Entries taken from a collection
= = = =

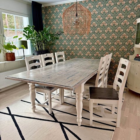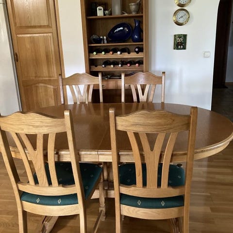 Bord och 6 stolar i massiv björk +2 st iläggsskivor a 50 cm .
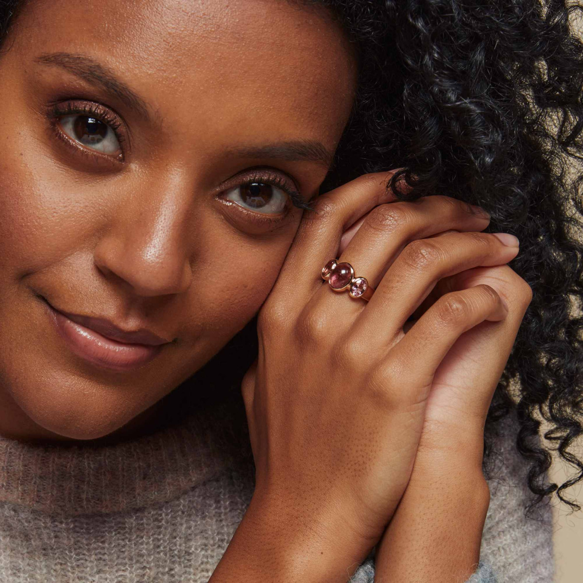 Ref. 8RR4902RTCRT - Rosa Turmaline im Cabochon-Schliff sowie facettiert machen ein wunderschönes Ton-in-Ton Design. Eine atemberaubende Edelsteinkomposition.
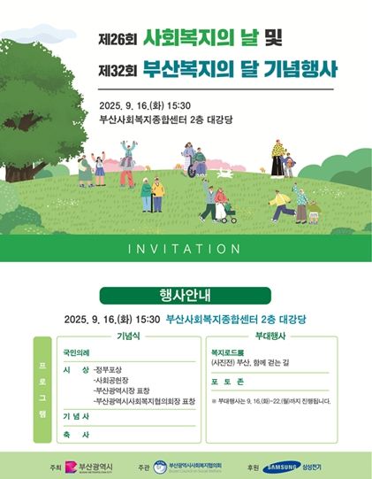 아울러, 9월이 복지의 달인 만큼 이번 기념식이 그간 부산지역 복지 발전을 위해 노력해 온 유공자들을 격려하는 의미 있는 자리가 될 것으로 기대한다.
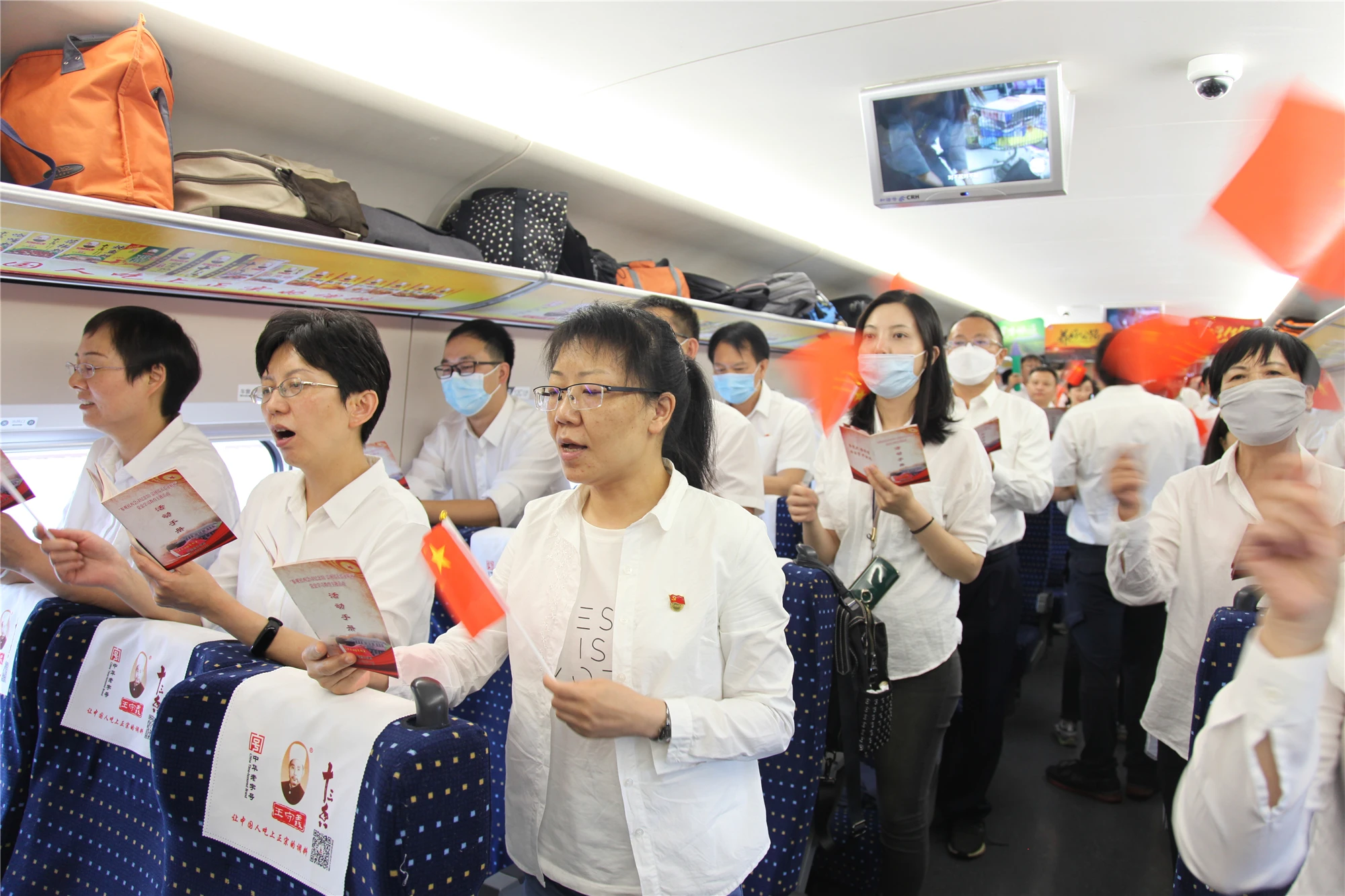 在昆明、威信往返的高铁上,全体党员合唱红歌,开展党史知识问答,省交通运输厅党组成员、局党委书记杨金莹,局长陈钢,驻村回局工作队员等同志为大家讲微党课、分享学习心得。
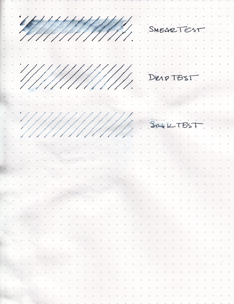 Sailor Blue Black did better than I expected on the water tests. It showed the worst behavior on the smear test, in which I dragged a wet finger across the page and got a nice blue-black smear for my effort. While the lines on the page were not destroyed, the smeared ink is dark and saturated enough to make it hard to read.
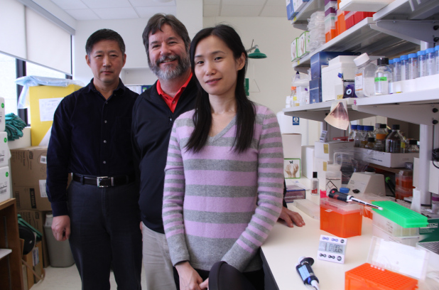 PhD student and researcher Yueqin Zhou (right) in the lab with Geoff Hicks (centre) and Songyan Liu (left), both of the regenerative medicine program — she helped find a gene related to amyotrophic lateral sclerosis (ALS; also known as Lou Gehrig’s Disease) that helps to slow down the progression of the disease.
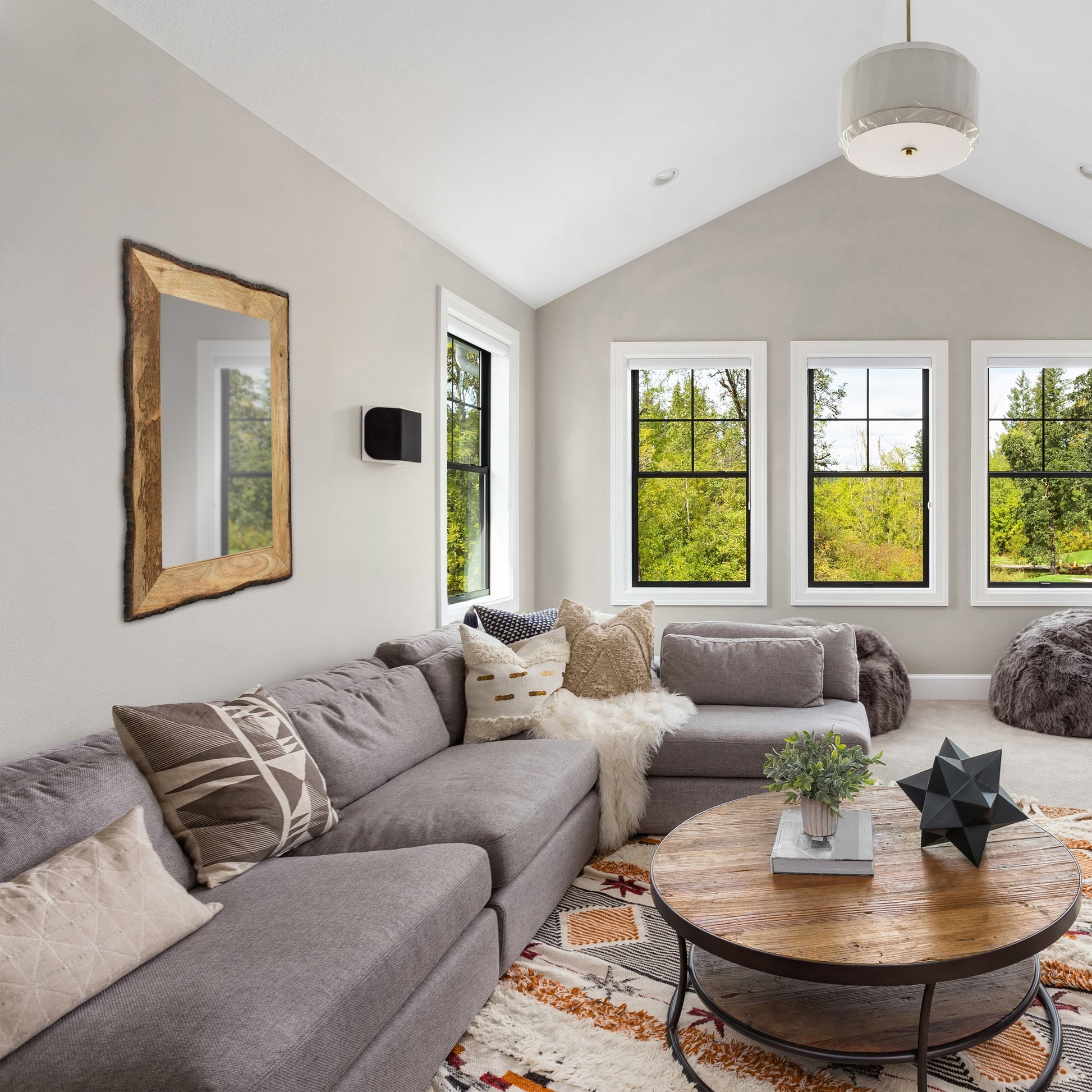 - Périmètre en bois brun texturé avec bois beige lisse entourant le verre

= = = =

• _What this task involves_: Your reply should consist of the data, transcribed exactly, and should hold no pictures.

• _Expected answer_:
 Bord och 6 stolar i massiv björk +2 st iläggsskivor a 50 cm .
 Ref. 8RR4902RTCRT - Rosa Turmaline im Cabochon-Schliff sowie facettiert machen ein wunderschönes Ton-in-Ton Design. Eine atemberaubende Edelsteinkomposition.
 아울러, 9월이 복지의 달인 만큼 이번 기념식이 그간 부산지역 복지 발전을 위해 노력해 온 유공자들을 격려하는 의미 있는 자리가 될 것으로 기대한다.
 在昆明、威信往返的高铁上,全体党员合唱红歌,开展党史知识问答,省交通运输厅党组成员、局党委书记杨金莹,局长陈钢,驻村回局工作队员等同志为大家讲微党课、分享学习心得。
 Sailor Blue Black did better than I expected on the water tests. It showed the worst behavior on the smear test, in which I dragged a wet finger across the page and got a nice blue-black smear for my effort. While the lines on the page were not destroyed, the smeared ink is dark and saturated enough to make it hard to read.
 PhD student and researcher Yueqin Zhou (right) in the lab with Geoff Hicks (centre) and Songyan Liu (left), both of the regenerative medicine program — she helped find a gene related to amyotrophic lateral sclerosis (ALS; also known as Lou Gehrig’s Disease) that helps to slow down the progression of the disease.
 - Périmètre en bois brun texturé avec bois beige lisse entourant le verre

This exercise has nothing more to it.